The University of Michigan Center for Digital Curricula is an educational  research center at the University of Michigan, College of Engineering, in Ann Arbor, Michigan dedicated to the development of deeply-digital, open educational resources.

History 
In 2019 professors Elliot Soloway and Cathie Norris founded the Center for Digital Curricula under the auspices of the University of Michigan, College of Engineering, for the purposes of building deeply-digital open curricula. These curricula, composed by the Center's team of educators, are designed to be delivered through the Collabrify Roadmap Platform,  a software platform first developed in the mid 2010s.   
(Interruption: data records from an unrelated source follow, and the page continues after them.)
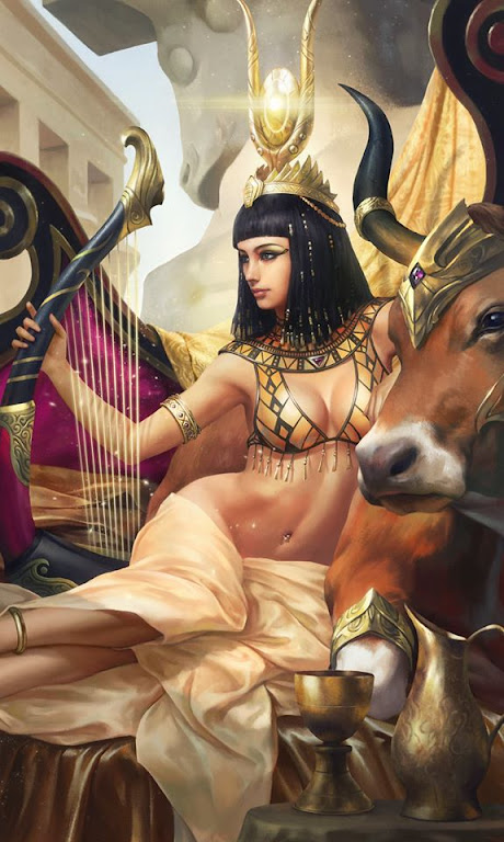 Hathor era a deusa do amor, da beleza, da música e da fertilidade. Representada como uma mulher com chifres de vaca e um disco solar entre eles, ela era vista como uma figura maternal que protegia os vivos e guiava os mortos no pós-vida. Hathor era frequentemente associada à alegria e à celebração.
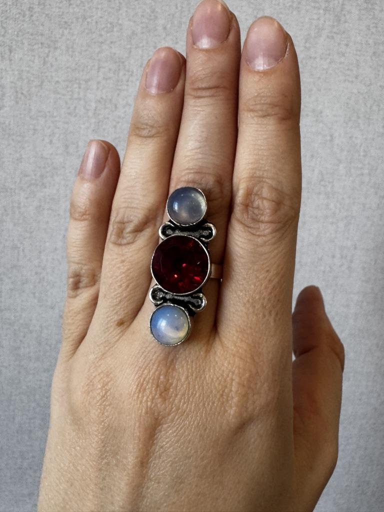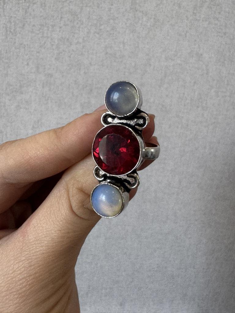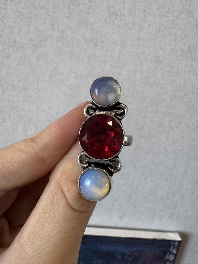 Natural Milky Opal, Rubillite 925 Sterling Silver Jewelry Ring Size 5 s4K74
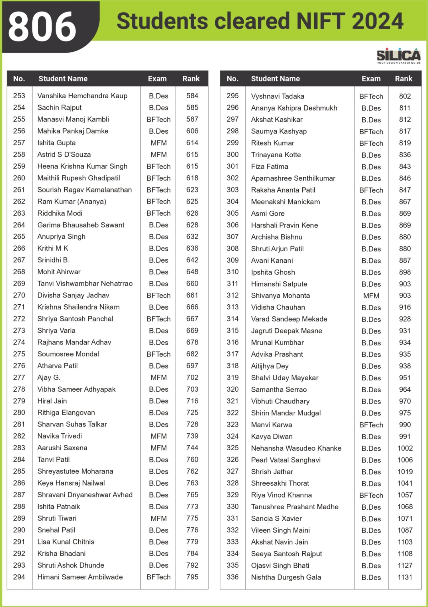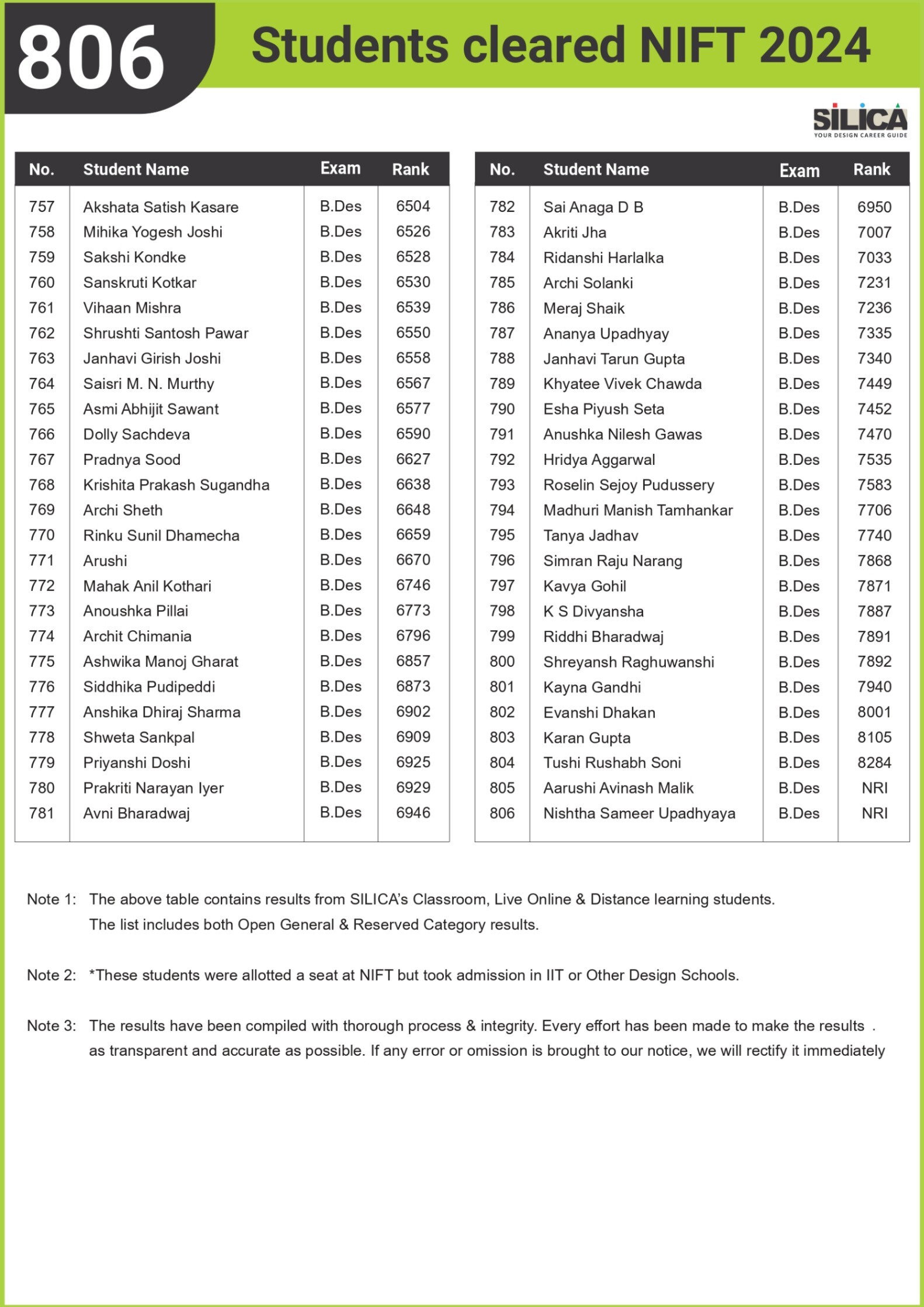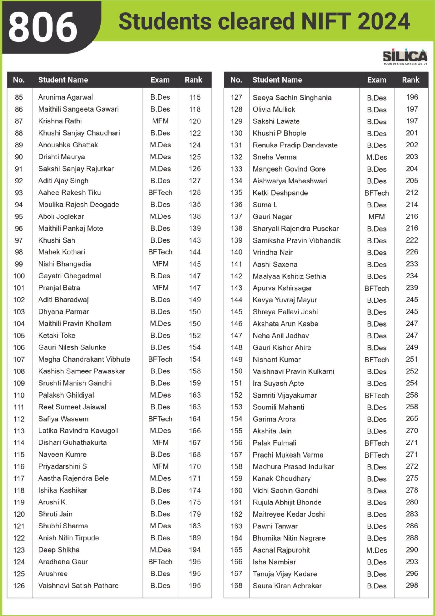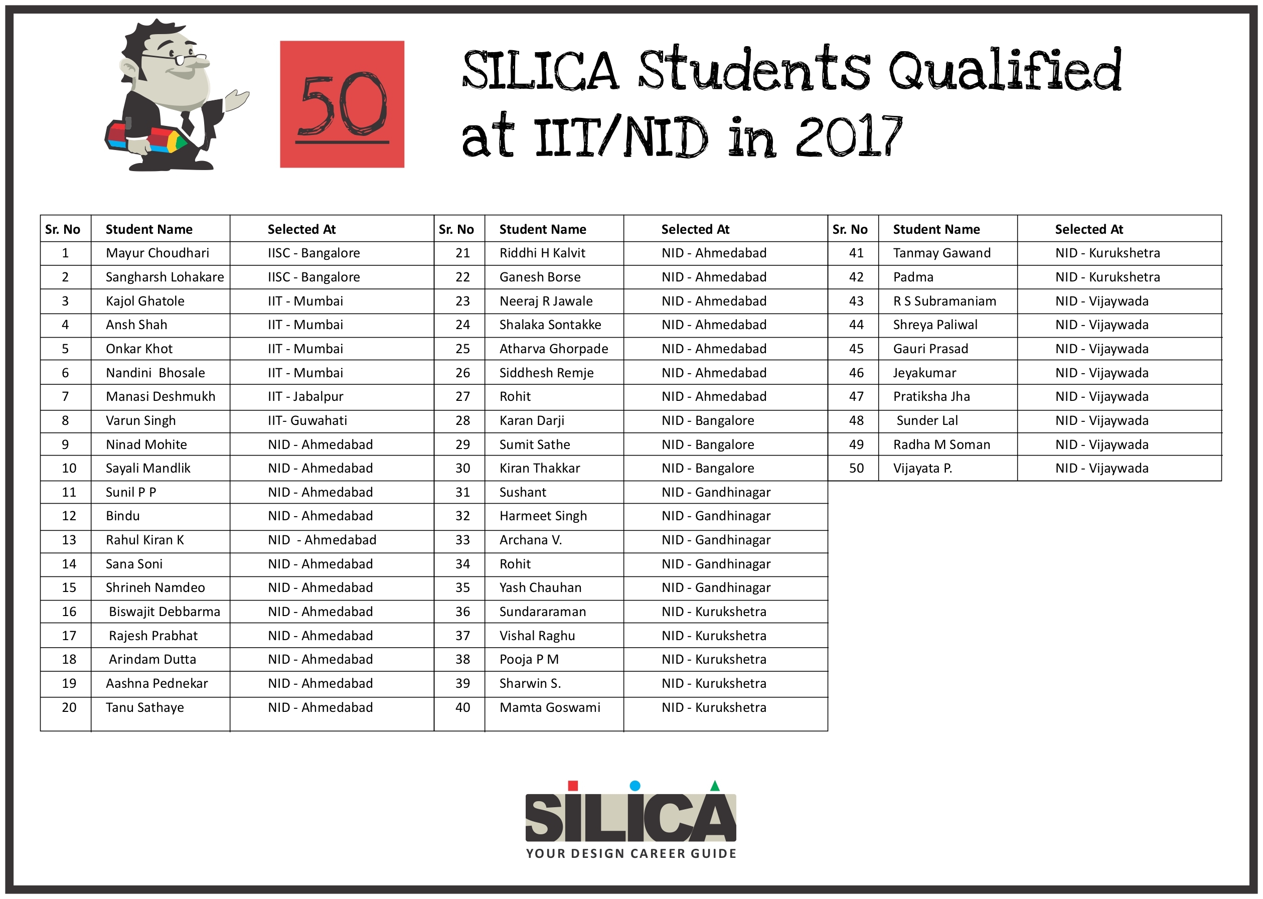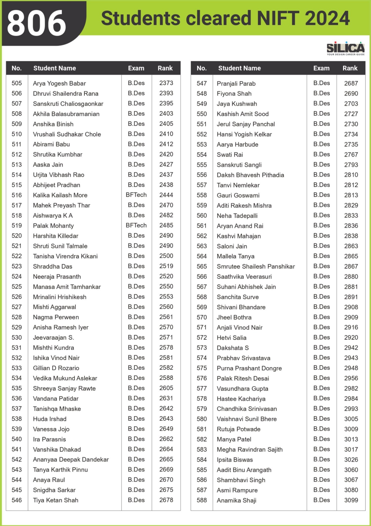 All thanks to Silica for its tremendous guidance as I wouldn’t have qualified the exam without their support. The best thing about SILICA is the study material which has literally everything for a design aspirant to prepare with.

Roadmaps - the visual format for the deeply-digital lessons - have been produced at the University of Michigan College of Engineering.  Currently, the Center provides standards-aligned curricula for K-5, all 4 core subjects (ELA, math, science, social studies). The Roadmap lessons use the Collabrify Suite of Productivity Tools in supporting highly-interactive, engaging, lessons. The Suite includes: Collabrify Multimedia Writer (writing with text, video, audio, images), Collabrify Flipbook (drawing, animating), Collabrify Venn (Venn diagramming, Collabrify Chart (spreadsheeting), Collabrify Map (concept mapping), Collabrify PDFpal (editing PDF files). All apps are "collabrified" - they support synchronous collaboration.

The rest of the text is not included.